Here's where I land on this, and I won't hedge.

If your product requires a human to wait for a response — a chat interface, an AI coding assistant, a real-time translation layer, an agent executing a multi-step workflow — and latency is a user experience requirement, not just a performance optimization, then LPU-class inference is the architecture to evaluate first. The deterministic execution model and SRAM-based memory access deliver a qualitatively different experience. Users feel the difference. It's not a marginal improvement; it's the difference between "instant" and "waiting."

If you're running batch processing, offline evaluation, model training, or high-concurrency workloads where individual request latency is secondary to aggregate throughput, GPUs remain the workhorse. No LPU on the market today can touch the H100's training throughput or its flexibility across mixed workloads.

There's a middle ground that's worth calling out: hybrid architectures. Some teams are deploying GPU clusters for offline and batch workloads while routing latency-sensitive traffic to LPU endpoints. The orchestration layer — a routing proxy that inspects the incoming request and sends it to the right backend based on latency requirements, prompt length, or user tier — adds operational complexity, but it lets you optimize cost and performance simultaneously. This pattern is still early, and the tooling is immature, but it's the direction the infrastructure stack is moving for teams that can't afford to pick one horse.

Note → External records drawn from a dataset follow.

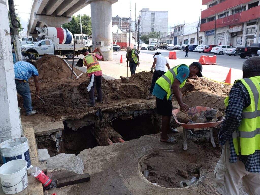 De igual manera, por parte del área de Alcantarillado se atiende la rehabilitación de un tramo de red sanitaria de 12 pulgadas de diámetro que sufrió asentamiento en la calle Alemania esquina con la Costera Miguel Alemán.
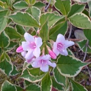 オオベニウツギ バリエガータ 淡いピンクの花と、 ふ入りの葉のコントラストが とても鮮やかですね!
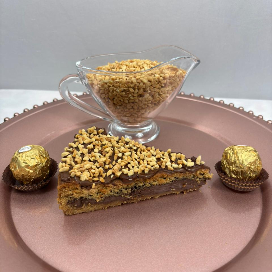 Bolo de Massa de Cacau 50%, Recheio de Nutella e Brigadeiro Tradicional, amendoim triturado e bombom Ferrero Rocher em cima

The deployment decision also has a financial dimension that teams often underweight. Infrastructure costs scale differently: GPU clusters offer economies of scale across diverse workloads, while LPU deployments are optimized for a narrower but critical slice of the inference stack. For teams thinking about long-term capital allocation — whether you're a startup burning runway or an enterprise optimizing cloud spend — understanding the cost-per-token at your actual concurrency level is as important as the raw speed numbers. The silicon you bet on shapes both your product and your balance sheet.

Choosing between LPU and GPU inference isn't a hardware preference — it's a product decision. The latency your users experience is the latency you chose to ship.

The honest answer to "which is faster?" is: faster at what, for whom, under what load, at what cost? Run the benchmark yourself. Control the variables. Measure what your users actually feel. And then ship the architecture that matches your product's promise — not a vendor's spec sheet.